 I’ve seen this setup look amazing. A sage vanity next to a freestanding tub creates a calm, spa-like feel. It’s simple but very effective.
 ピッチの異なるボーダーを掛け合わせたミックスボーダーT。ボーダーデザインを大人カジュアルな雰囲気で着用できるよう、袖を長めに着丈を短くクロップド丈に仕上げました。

--

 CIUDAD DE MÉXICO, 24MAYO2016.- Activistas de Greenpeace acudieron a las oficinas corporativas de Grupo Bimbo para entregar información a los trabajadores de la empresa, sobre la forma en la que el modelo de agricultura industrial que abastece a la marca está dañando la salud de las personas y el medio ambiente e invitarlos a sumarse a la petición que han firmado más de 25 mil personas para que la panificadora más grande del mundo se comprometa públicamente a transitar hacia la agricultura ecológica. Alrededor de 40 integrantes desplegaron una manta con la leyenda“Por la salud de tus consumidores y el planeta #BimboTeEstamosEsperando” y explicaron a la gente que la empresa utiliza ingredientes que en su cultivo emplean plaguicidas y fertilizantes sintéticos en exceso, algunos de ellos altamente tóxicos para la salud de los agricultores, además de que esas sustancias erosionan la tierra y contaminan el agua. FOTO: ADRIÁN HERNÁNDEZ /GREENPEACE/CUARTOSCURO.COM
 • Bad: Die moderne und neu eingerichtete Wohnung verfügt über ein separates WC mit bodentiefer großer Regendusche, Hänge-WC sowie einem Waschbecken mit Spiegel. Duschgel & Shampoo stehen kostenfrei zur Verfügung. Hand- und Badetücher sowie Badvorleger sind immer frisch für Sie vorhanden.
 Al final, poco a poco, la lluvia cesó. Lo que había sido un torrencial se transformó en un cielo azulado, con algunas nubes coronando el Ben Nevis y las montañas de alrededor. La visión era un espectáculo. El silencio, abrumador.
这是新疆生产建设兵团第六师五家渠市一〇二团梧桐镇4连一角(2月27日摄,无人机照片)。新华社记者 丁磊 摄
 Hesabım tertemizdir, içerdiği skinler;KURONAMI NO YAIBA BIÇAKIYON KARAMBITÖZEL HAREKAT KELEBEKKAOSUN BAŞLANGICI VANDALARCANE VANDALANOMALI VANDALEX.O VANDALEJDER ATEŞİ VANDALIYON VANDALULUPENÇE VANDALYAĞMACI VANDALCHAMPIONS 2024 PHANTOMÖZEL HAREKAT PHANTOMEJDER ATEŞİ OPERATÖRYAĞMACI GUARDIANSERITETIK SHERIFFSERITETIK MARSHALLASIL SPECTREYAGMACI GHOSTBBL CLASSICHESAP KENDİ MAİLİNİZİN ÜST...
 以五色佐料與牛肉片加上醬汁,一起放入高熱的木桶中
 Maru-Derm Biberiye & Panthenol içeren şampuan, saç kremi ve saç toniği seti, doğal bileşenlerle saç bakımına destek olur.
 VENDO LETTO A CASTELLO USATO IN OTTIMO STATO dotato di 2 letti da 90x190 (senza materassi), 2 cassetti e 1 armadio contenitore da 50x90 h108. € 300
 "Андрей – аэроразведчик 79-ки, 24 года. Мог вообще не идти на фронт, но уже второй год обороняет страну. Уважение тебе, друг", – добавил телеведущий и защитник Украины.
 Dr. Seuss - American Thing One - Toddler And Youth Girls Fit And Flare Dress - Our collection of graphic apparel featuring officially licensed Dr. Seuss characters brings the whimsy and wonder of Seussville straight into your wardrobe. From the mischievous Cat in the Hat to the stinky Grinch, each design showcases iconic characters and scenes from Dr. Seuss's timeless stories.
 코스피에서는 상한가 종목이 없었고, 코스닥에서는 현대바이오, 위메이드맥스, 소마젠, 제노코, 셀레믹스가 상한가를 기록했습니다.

**How to complete this task**
In the data above, which lines lie between the line with "I’ve seen this" and the line with "ピッチの異なるボーダーを掛け", inclusive? Print those lines exactly and nothing else.

**Your solution**
 I’ve seen this setup look amazing. A sage vanity next to a freestanding tub creates a calm, spa-like feel. It’s simple but very effective.
 ピッチの異なるボーダーを掛け合わせたミックスボーダーT。ボーダーデザインを大人カジュアルな雰囲気で着用できるよう、袖を長めに着丈を短くクロップド丈に仕上げました。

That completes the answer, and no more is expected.